Source material »
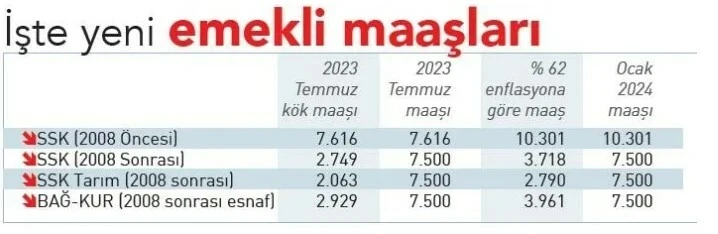 2024 yılı itibariyle asgari ücretliden memura, işçiden emekliye milyonlarca kişinin gelirinde önemli artış bekleniyor. Merkez Bankası'nın yüzde 65 olarak açıkladığı yılsonu enflasyon tahminine göre SSK, Bağ-Kur emeklilerinin aylığı ocak ayında refah payı hariç yüzde 37.76, memurların da yüzde 49.96 artacak. En düşük memur maaşı 33 bin liraya yaklaşırken, en düşük memur emekli aylığı da yaklaşık 15 bin lira olacak. Merkez Bankası tahminin üst noktası yüzde 68 olarak gerçekleşirse Ocak'ta SSK, Bağ-Kur emekli aylıklarına refah payı hariç yüzde 40.28, memur ve emeklilerine yüzde 52.19 zam yapılacak. Refah payıyla birlikte emeklilere yapılan zam da yüzde 52'yi geçecek.
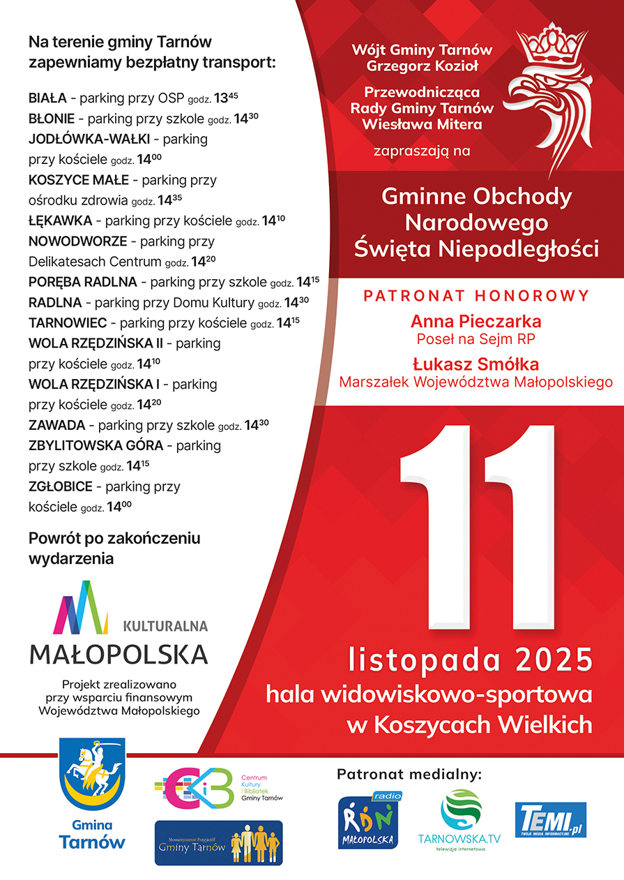 Na wydarzenie, które odbędzie się 11 listopada w hali widowiskowo – sportowej w Koszycach Wielkich, zapraszają wójt Grzegorz Kozioł wraz z przewodniczącą Rady Gminy Tarnów Wiesławą Miterą. Program jest bardzo bogaty i skomponowany w taki sposób, aby każdy znalazł w nim coś dla siebie. -Zapraszamy do wspólnego świętowania jednego z najważniejszych świąt patriotycznych w roku. Bądźmy dumni z wolności naszego kraju tak ciężko wywalczonej przez przodków – mówi wójt, Grzegorz Kozioł. Patronat honorowy sprawują: poseł RP Anna Pieczarka i marszałek Małopolski Łukasz Smółka.
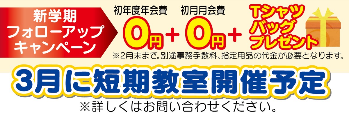 現在、入会キャンペーンを実施しているほか、3月には続けて体験できる短期教室も予定。詳しくは問合せを。
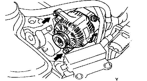 d. Remove the 2 bolts and alternator.

Activity » Although the material contains pictures, only the lines are to be written out, exactly as they stand.

Result »
 2024 yılı itibariyle asgari ücretliden memura, işçiden emekliye milyonlarca kişinin gelirinde önemli artış bekleniyor. Merkez Bankası'nın yüzde 65 olarak açıkladığı yılsonu enflasyon tahminine göre SSK, Bağ-Kur emeklilerinin aylığı ocak ayında refah payı hariç yüzde 37.76, memurların da yüzde 49.96 artacak. En düşük memur maaşı 33 bin liraya yaklaşırken, en düşük memur emekli aylığı da yaklaşık 15 bin lira olacak. Merkez Bankası tahminin üst noktası yüzde 68 olarak gerçekleşirse Ocak'ta SSK, Bağ-Kur emekli aylıklarına refah payı hariç yüzde 40.28, memur ve emeklilerine yüzde 52.19 zam yapılacak. Refah payıyla birlikte emeklilere yapılan zam da yüzde 52'yi geçecek.
 Na wydarzenie, które odbędzie się 11 listopada w hali widowiskowo – sportowej w Koszycach Wielkich, zapraszają wójt Grzegorz Kozioł wraz z przewodniczącą Rady Gminy Tarnów Wiesławą Miterą. Program jest bardzo bogaty i skomponowany w taki sposób, aby każdy znalazł w nim coś dla siebie. -Zapraszamy do wspólnego świętowania jednego z najważniejszych świąt patriotycznych w roku. Bądźmy dumni z wolności naszego kraju tak ciężko wywalczonej przez przodków – mówi wójt, Grzegorz Kozioł. Patronat honorowy sprawują: poseł RP Anna Pieczarka i marszałek Małopolski Łukasz Smółka.
 現在、入会キャンペーンを実施しているほか、3月には続けて体験できる短期教室も予定。詳しくは問合せを。
 d. Remove the 2 bolts and alternator.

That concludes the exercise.